Neuroinclusion - a competitive advantage. Organizations are also increasingly recognizing the advantages of including neurodivergent individuals in the workplace, hiring people with autism, dyslexia, dyspraxia, dyscalculia, and ADHD, as well as certain mental health conditions. In addition to bringing bringing unique perspectives and capabilities, these employees are also an important part of Diversity, Equity and Inclusion (DEI). This practice often requires companies to provide accommodation, adjustments, and support, but 2025 will bring a more radical shift, as neuroinclusivity is evolving from an afterthought to a foundational principle in workplace design, culture, and HR policies.

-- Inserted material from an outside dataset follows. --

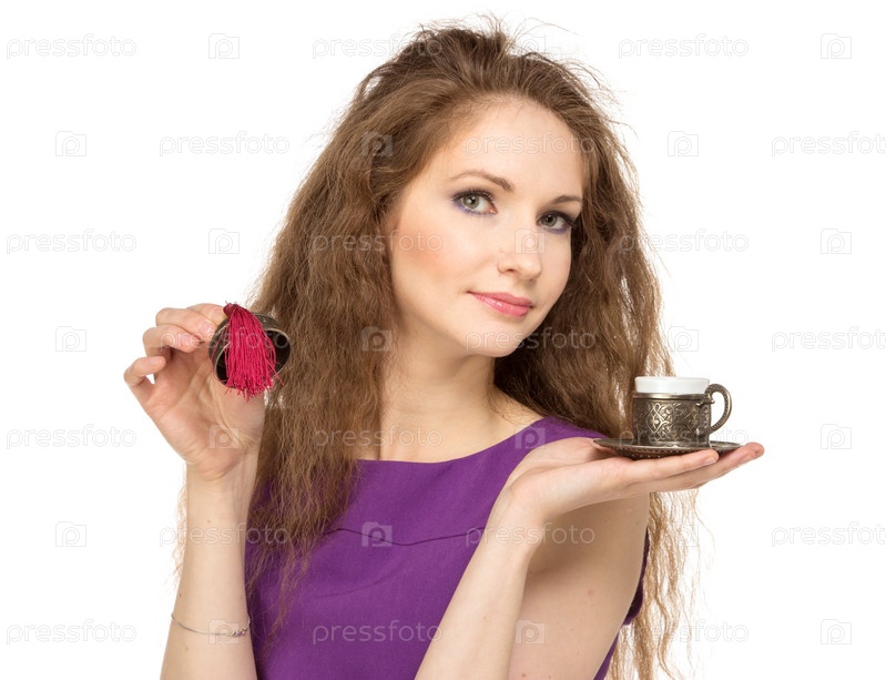 Молодая счастливая женщина держит чашку кофе, изолировано

AI-powered leadership - balance between human intuition and AI’s analytical power.
If 2024 marked AI’s disruption of highly skilled roles like software development and healthcare, 2025 will be the year AI reshapes the highest levels of leadership, bringing a new balance between human intuition and AI’s analytical power. In this evolving landscape, leadership is no longer an individual pursuit, but a collective effort changed by intelligent systems. AI is not just influencing mid-level roles; it is becoming a partner in the C-suite, helping leaders navigate complexity, understand team dynamics, and make strategic decisions that benefit the entire organization.